Write out the opening lines of the data word for word, up to and including the line with "Hier erwartet Sie", and leave every picture and every later line out.

Data segment
■ ■ ■
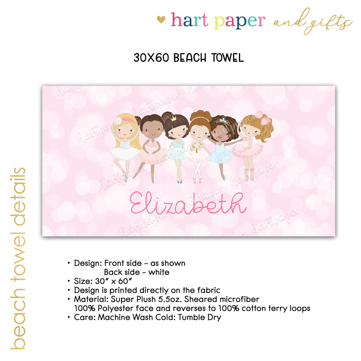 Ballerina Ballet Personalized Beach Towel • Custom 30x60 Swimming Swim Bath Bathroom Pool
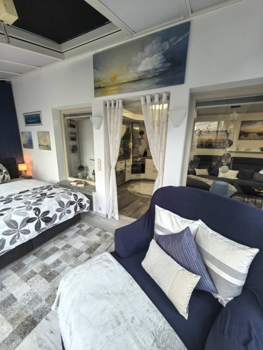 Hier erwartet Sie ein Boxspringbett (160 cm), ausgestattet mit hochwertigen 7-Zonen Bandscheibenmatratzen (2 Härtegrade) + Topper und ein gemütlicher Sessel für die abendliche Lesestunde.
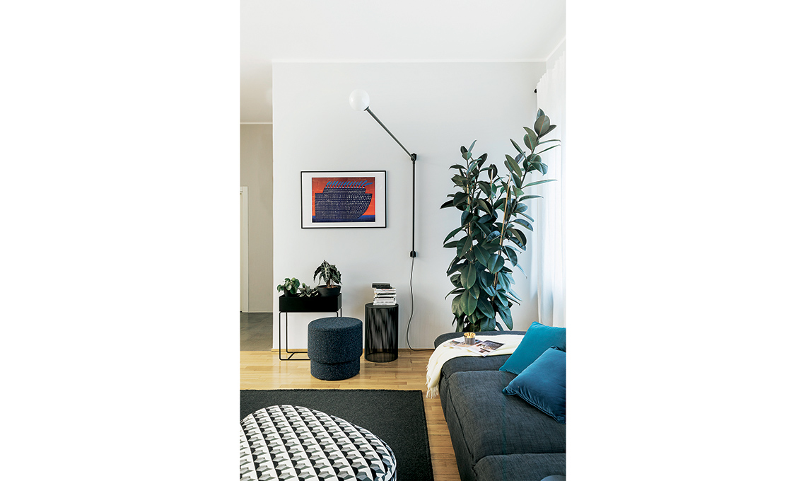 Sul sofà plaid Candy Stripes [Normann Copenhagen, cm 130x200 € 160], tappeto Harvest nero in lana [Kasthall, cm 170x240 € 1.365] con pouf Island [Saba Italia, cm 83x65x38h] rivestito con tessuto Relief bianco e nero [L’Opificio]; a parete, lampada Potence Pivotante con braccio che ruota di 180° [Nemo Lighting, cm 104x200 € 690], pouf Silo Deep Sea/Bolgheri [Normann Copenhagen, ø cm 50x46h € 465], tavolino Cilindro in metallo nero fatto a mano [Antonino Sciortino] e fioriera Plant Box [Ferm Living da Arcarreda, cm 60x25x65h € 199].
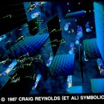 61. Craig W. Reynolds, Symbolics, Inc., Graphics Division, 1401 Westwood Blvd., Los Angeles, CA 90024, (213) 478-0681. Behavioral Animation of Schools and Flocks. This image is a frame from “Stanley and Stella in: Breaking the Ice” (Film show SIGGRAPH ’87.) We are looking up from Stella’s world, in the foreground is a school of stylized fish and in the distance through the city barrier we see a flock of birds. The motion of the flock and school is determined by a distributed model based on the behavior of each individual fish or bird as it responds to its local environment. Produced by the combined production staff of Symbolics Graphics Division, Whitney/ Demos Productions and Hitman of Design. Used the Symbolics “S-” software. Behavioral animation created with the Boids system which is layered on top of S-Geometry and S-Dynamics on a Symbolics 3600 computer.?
■ ■ ■
Reply to the exercise
 Ballerina Ballet Personalized Beach Towel • Custom 30x60 Swimming Swim Bath Bathroom Pool
 Hier erwartet Sie ein Boxspringbett (160 cm), ausgestattet mit hochwertigen 7-Zonen Bandscheibenmatratzen (2 Härtegrade) + Topper und ein gemütlicher Sessel für die abendliche Lesestunde.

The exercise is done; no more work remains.